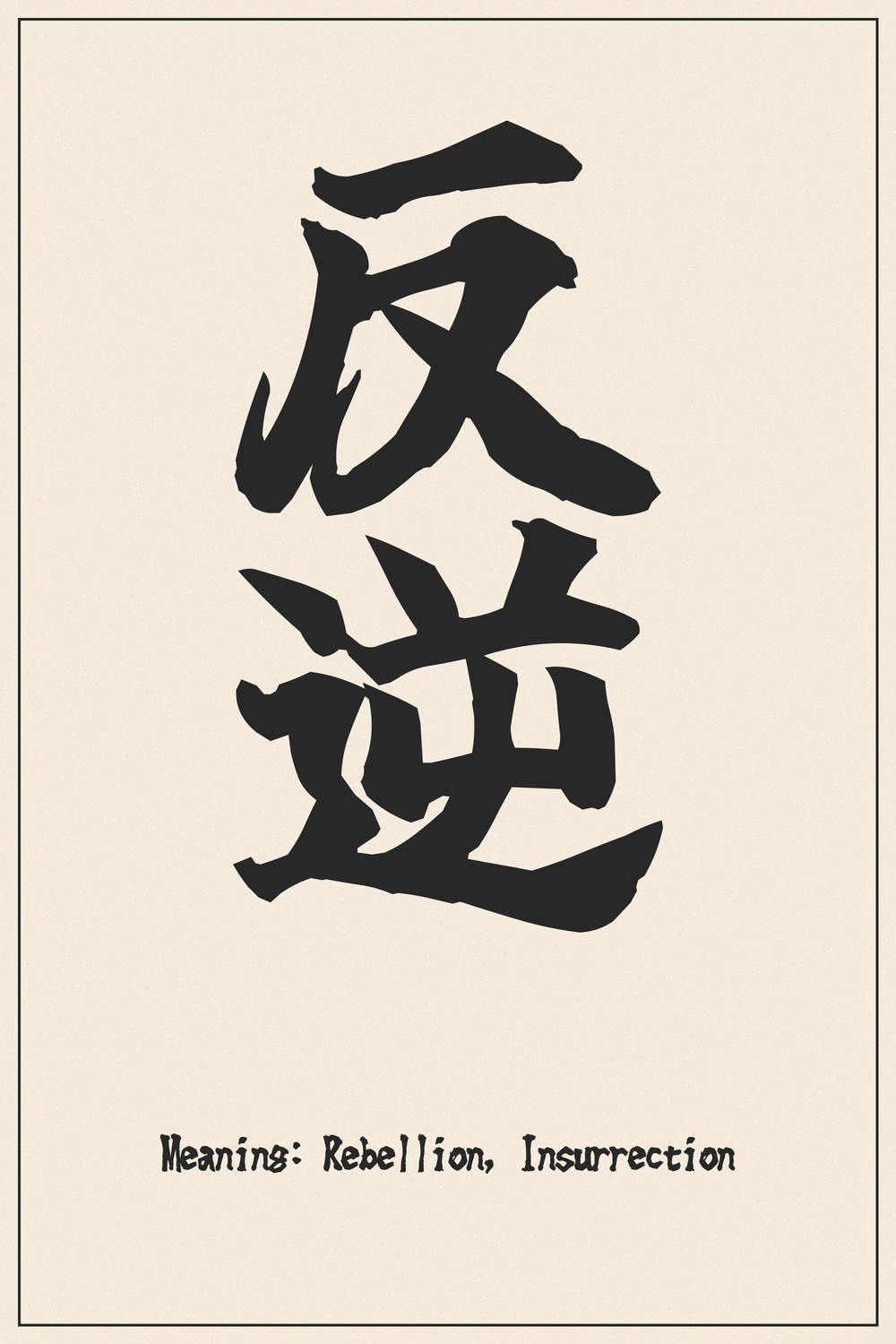 The term 反逆 (Hangyaku) is a compound formed from two powerful characters that inherently convey opposition. 反 (han) traditionally depicts something turning over or going against, symbolizing a reversal or defiance. 逆 (gyaku) further reinforces this by representing movement in the opposite direction, an act of going against the current or established order.
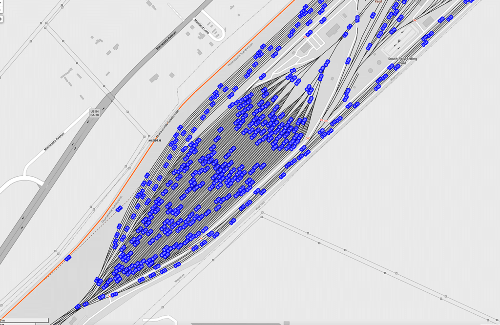 We always pick up some tidbits on these trips, and we garnered some more context around terminal dwell. Waycross’s dwell is currently sitting at 24.9 hours, and we all know this is defined as the average car transit time from in-gate to out-gate, excluding cars on run-through trains (trains that only stop for an hour or two to change crews). However, the 24.9 consists of three main components. The biggest of course is the humping operation: in-gate, classification, out-gate, within 24 hours. The second piece we were reminded of is that hump yards also have a local yard within the same complex, and cars in this yard typically sit for longer (72 hours isn’t uncommon). Third, these yards also have car repair shops, and the terminal dwell number includes the hour count from the point the cars are released from the repair shop to the out-gate. So, the 24.9 is a blended number for the humping operation (less than 24 hours), local yard (more than 24 hours) and released from repair. The point of this is that you can’t simply compare one hump yard with another on dwell because there’s a mix effect based on the relative scale of local yard vs. humping operations.
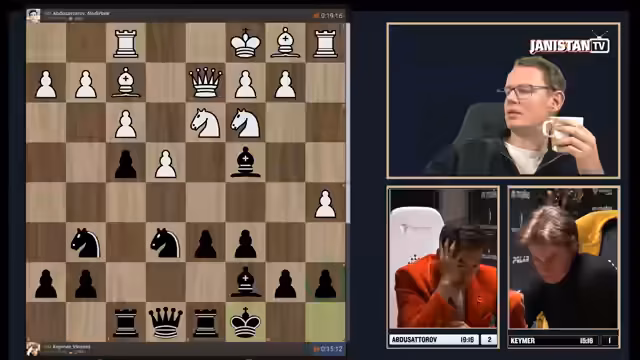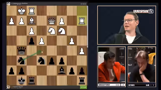00:00:00Der Stream beginnt mit Kommentaren zum Freestyle Chess, bei dem Figuren auf beliebigen, gleichfarbigen Feldern landen dürfen. Der Kommentator analysiert die erste Partie zwischen Vincent Keymer und Nodirbek Abdusattorov. Keymer mit den weißen Figuren hat eine stabile Stellung, während Abdusattorov mit Schwarz versuchter Kompromissierung, aber auch eine riskante Haltung einnimmt. Der Kommentator stellt die Frage, ob Keymer mit der schwarzen Figuration überhaupt gewinnen kann, um ins Finale vorzudringen. Die Spannung im Kampf um Platz drei ist von Anfang an spürbar.
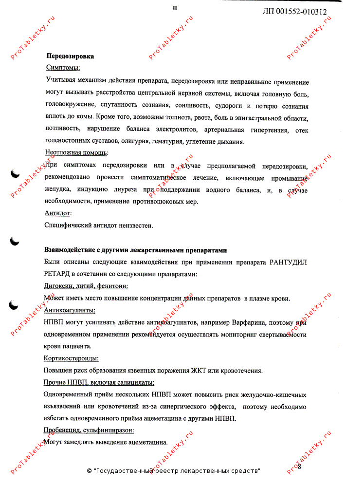 Продолжительность лечения зависит от клинической картины, но терапия в дозах, превышающих 2 капсулы препарата Рантудил Ретард в день, должна продолжаться не более 7 дней.
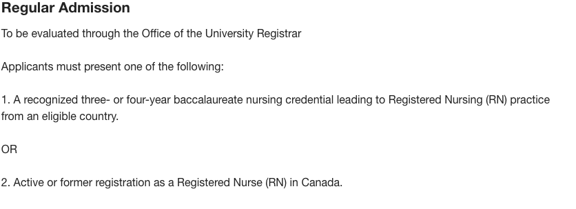첫 번째로, CRNA에서 인정하는 나라에서 3~4년의 간호대학을 나왔다. 여기서 인정하는 나라라는 건 보통 영어로 수업이 이루어지는 나라를 뜻한다. 예를 들어 Philippines, India, the United States, the United Kingdom, Australia, Nigeria, Jamaica, New Zealand and Ireland ,, 요런 나라들.. 눈 씻고 봐도 우리나라는 없다는 거.. 그래서 당연히 우리 반에 한국인은 나밖에 없다. 듣기로는 이번해에 맥이완에서 이 브리징 프로그램을 듣는 사람들이 160명 정도 된다고 한다. 한 반에 40명 정도씩이나 4반이라는 건데, 다른 반은 나도 모르겠지만 암튼 우리 반을 보면 대략 26명이 필리피노, 캐나다(백인) 5명, 인도 4명 흑인(나이지리아, 자메이카) 4명 태국 1명 한국 1명 뭐, 이렇다. 위의 나라들은 영어를 숨 쉬듯 말하는 나라인데 나같이 영어 때문에 매일이 힘든 사람이 여기 껴있느라 참 고생이 많다. 암튼 나 같은 경우는 위의 나라에서 대학을 안 나와서 될지 안 될지 모르겠었던 차에 보니, 캐나다에서 RN 등록을 했었으면 또 신청가능하다 그래서 바로 알버타 RN 등록증을 보냈더니 바로 오케이 했다.
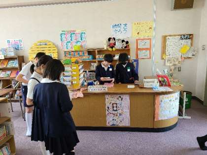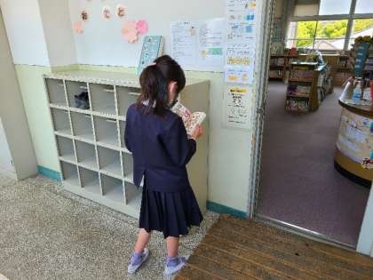 休み時間に図書館を開放しています。図書館に入るのも忘れて、本に集中しています。
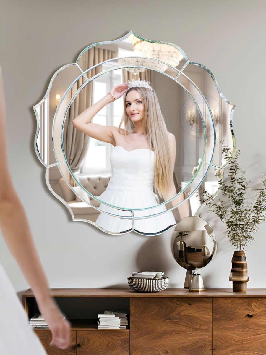 Crafted with precision beveled glass panels, Anna’s intricate petal-shaped form evokes harmony and sophistication. The center round mirror is surrounded by a mirrored border that adds depth and shine, making the piece both functional and artistic.
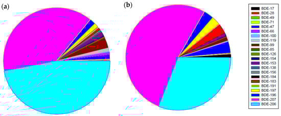 The percentage of total amounts of 23 PBDEs in the sediment samples (except BDE-209): (a) Yi-Li sediment (total 22 PBDEs); (b) Da-An sediment (total 19 PBDEs).
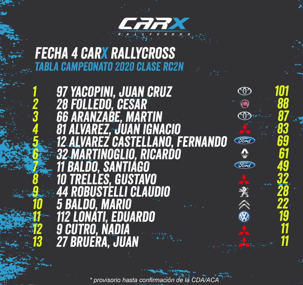 Yacopini suma 101 puntos y se convirtió en el gran favorito a quedarse con el título, si bien tanto César Folledo, a 13, como Martín Aranzabe, a 14, y JuaniÁlvarez, a 18, tiene muchas posibilidades de consagrarse campeones. El Top 5 lo completa Fernando Álvarez Castellano, quien está a 32.
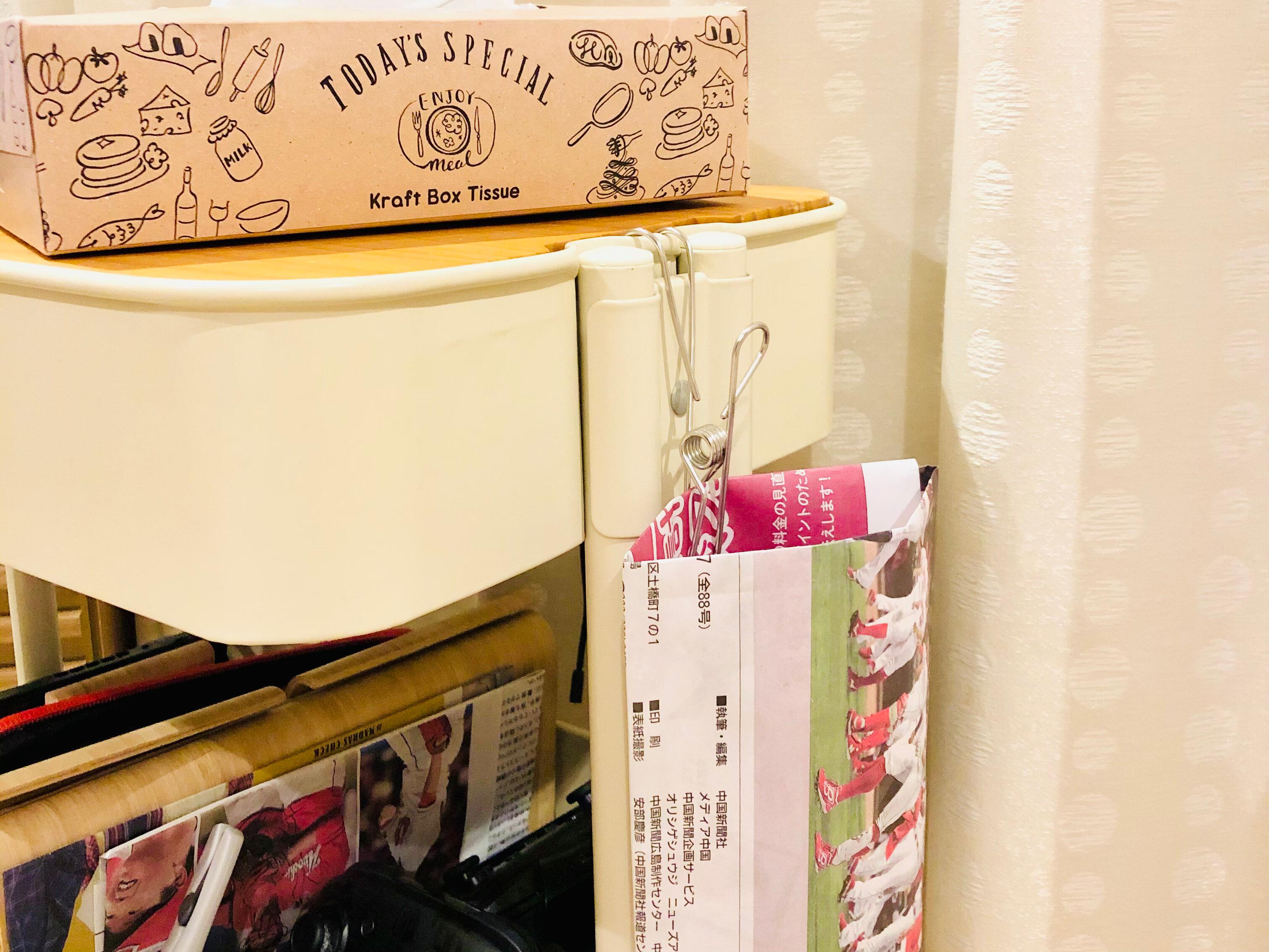 また、軽くて薄いので、クリップなどで挟んで、ぶら下げて使う事もできます。ゴミがいっぱいになったら、ゴミ箱ごと捨てられるのも嬉しいポイントですね。
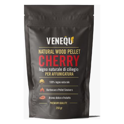 VENEQU CHERRY PELLET PER AFFUMICATURA è realizzato con legno di ciliegio puro, senza collanti, additivi o sostanze chimiche.
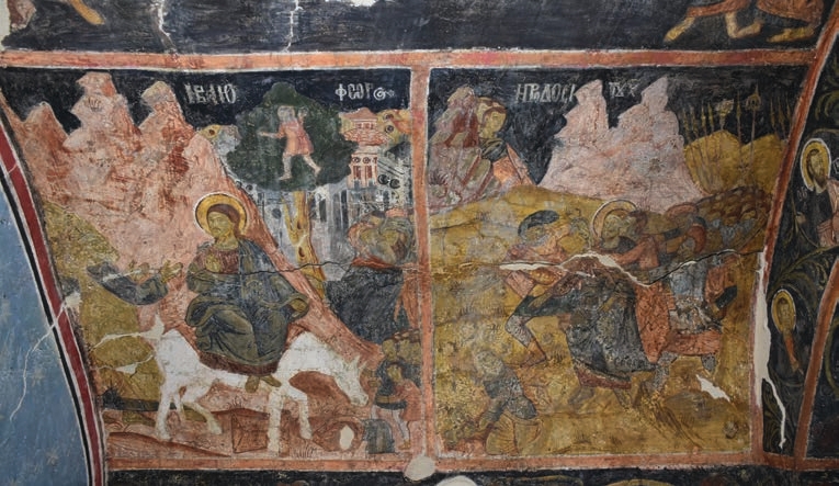 Οι φθορές του ζωγραφικού διακόσμου ήταν εκτεταμένες, λόγω της ετερογένειας και της γήρανσης των υλικών, των νεότερων επεμβάσεων, καθώς και των επιπτώσεων των περιβαλλοντικών παραγόντων. Ανταποκρινόμενη στο αίτημα των κατοίκων του ιστορικού χωριού, η ΑΙΓΕΑΣ ΑΜΚΕ ανέλαβε την εκπόνηση της μελέτης συντήρησης του ζωγραφικού διακόσμου του ναού, καθώς και τις απαραίτητες εργασίες εφαρμογής της, ώστε να διασωθεί και να αναδειχθεί αυτό το εξαιρετικής τέχνης σύνολο.
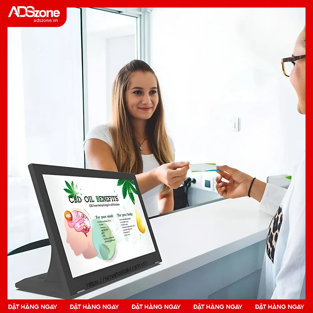 Thiết bị là giải pháp hiển thị gọn nhẹ, phù hợp đặt tại bàn lễ tân, quầy dịch vụ… Với hiệu năng ổn định, sản phẩm giúp doanh nghiệp triển khai điểm tương tác hiện đại và chuyên nghiệp
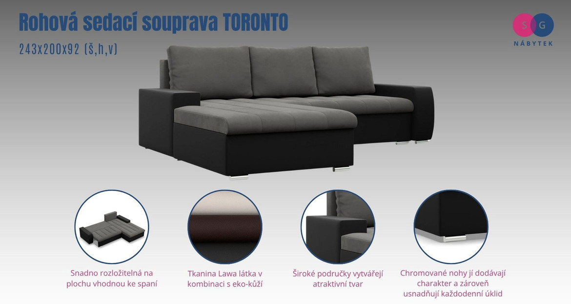 Pevná konstrukce ze dřeva a OSB desky. Potah z kvalitní látky v mnoha moderních barevných odstínech. Snadné rozkládání na lůžkovou podobu. Moderní design vhodný do všech současných interiérů.
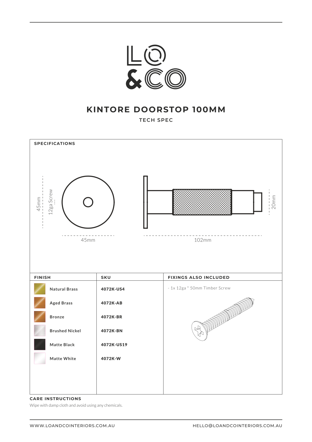 Bringing the Lo & Co signature style to our unique range of door accessories. With diamond knurling detail this doorstop range is synonymous with style and the perfect accompaniment to our Kintore range of cabinet pulls and lever handles. Designed to be wall mounted with a 102mm projection. Solid brass with an electroplated brushed bronze finish.
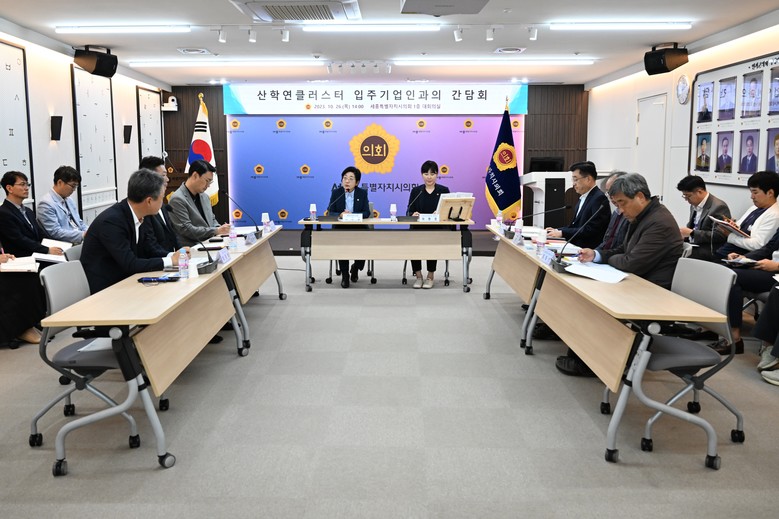 [세종 세계타임즈=이채봉 기자] 세종특별자치시의회(의장 이순열) 산업건설위원회(위원장 이현정)는 26일 의회 청사 대회의실에서 산학연클러스터 지원센터 입주기업인과의 소통을 통해 다양한 애로사항을 청취하고, 개선 방안 등을 논의하기 위해 간담회를 개최했다.
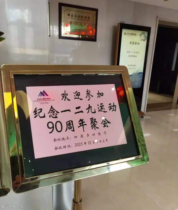 2025年12月9日,是伟大的“一二·九”运动90周年纪念的日子。北京“一二·九”后代联谊会在北京长白山国际酒店举办大型庆祝活动。到会的“一二·九”后代约250人。
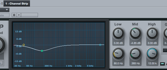 6. You’ll now have a rough balance but things won’t quite be sitting nicely.  Now put a ‘channel strip’ (or EQ if using another DAW) plugin on each track.  You now need to cut and boost various frequency bands to take away the parts of the instrument sounds that are not important (such as mid range on a kick drum).  Try stick to just cutting frequencies, don’t boost (as sometimes making something louder makes you think it’s better when it’s really not).  By cutting ‘unnecessary’ sounds from some instruments you create space for other instruments to ‘breathe’.  A good example is to cut mid-low frequencies from the kick drum to stop it from ‘competing’ with the bass guitar for the low end.
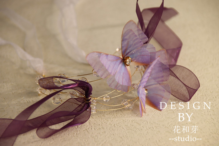 Zixia Fairy Original Beautiful Yarn Butterfly Crystal Weaving Activity Bracelet Bride Bridesmaid Wedding Dress Wrist Flower
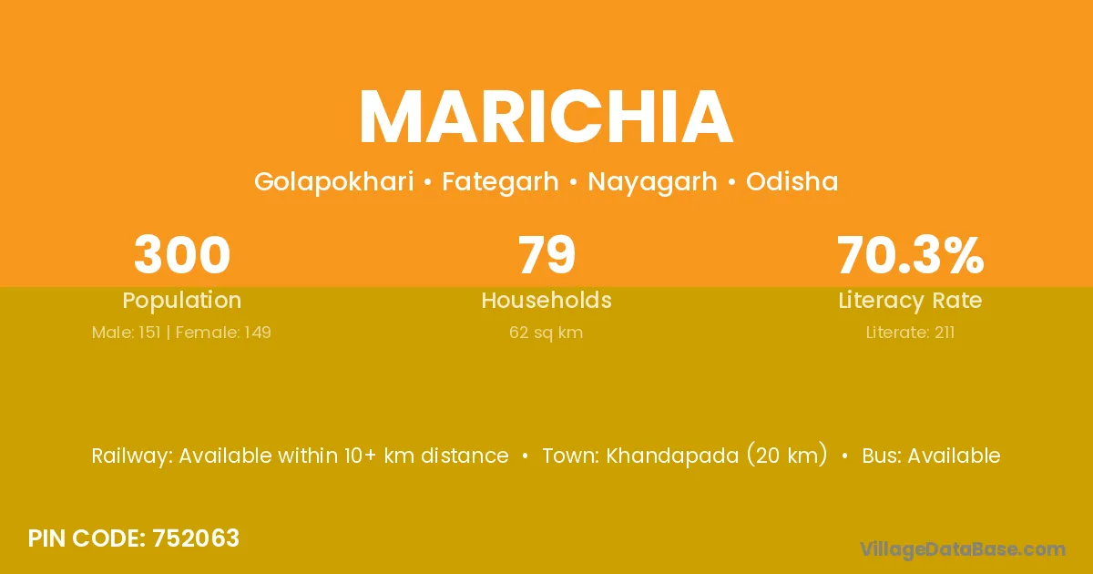 Khandapada (20 km) is the nearest town to Marichia village for major economic activities and is located approximately 20 km away.
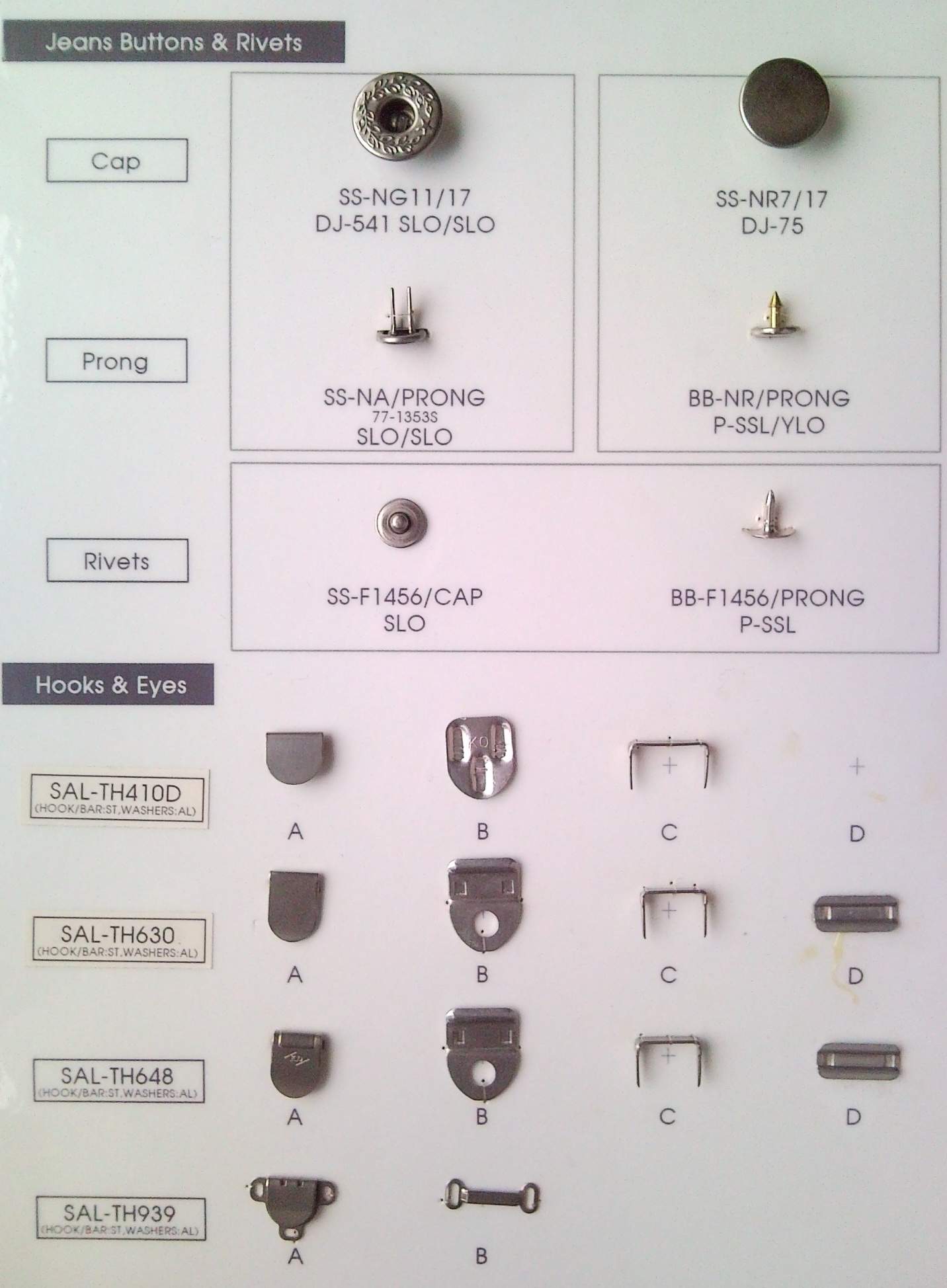 Ring-Prong Press Fasteners / S-Spring Press Fasteners / Ring-Spring Press Fasteners / Jeans Buttons & Rivets / Hooks & Eyes

* * *

## What is being asked
Each line above starting at the one holding "Bringing the Lo" and ending at the one holding "Khandapada (20 km)" should be set down exactly as it stands, both ends included, with no pictures.

## Task result
 Bringing the Lo & Co signature style to our unique range of door accessories. With diamond knurling detail this doorstop range is synonymous with style and the perfect accompaniment to our Kintore range of cabinet pulls and lever handles. Designed to be wall mounted with a 102mm projection. Solid brass with an electroplated brushed bronze finish.
 [세종 세계타임즈=이채봉 기자] 세종특별자치시의회(의장 이순열) 산업건설위원회(위원장 이현정)는 26일 의회 청사 대회의실에서 산학연클러스터 지원센터 입주기업인과의 소통을 통해 다양한 애로사항을 청취하고, 개선 방안 등을 논의하기 위해 간담회를 개최했다.
 2025年12月9日,是伟大的“一二·九”运动90周年纪念的日子。北京“一二·九”后代联谊会在北京长白山国际酒店举办大型庆祝活动。到会的“一二·九”后代约250人。
 6. You’ll now have a rough balance but things won’t quite be sitting nicely.  Now put a ‘channel strip’ (or EQ if using another DAW) plugin on each track.  You now need to cut and boost various frequency bands to take away the parts of the instrument sounds that are not important (such as mid range on a kick drum).  Try stick to just cutting frequencies, don’t boost (as sometimes making something louder makes you think it’s better when it’s really not).  By cutting ‘unnecessary’ sounds from some instruments you create space for other instruments to ‘breathe’.  A good example is to cut mid-low frequencies from the kick drum to stop it from ‘competing’ with the bass guitar for the low end.
 Zixia Fairy Original Beautiful Yarn Butterfly Crystal Weaving Activity Bracelet Bride Bridesmaid Wedding Dress Wrist Flower
 Khandapada (20 km) is the nearest town to Marichia village for major economic activities and is located approximately 20 km away.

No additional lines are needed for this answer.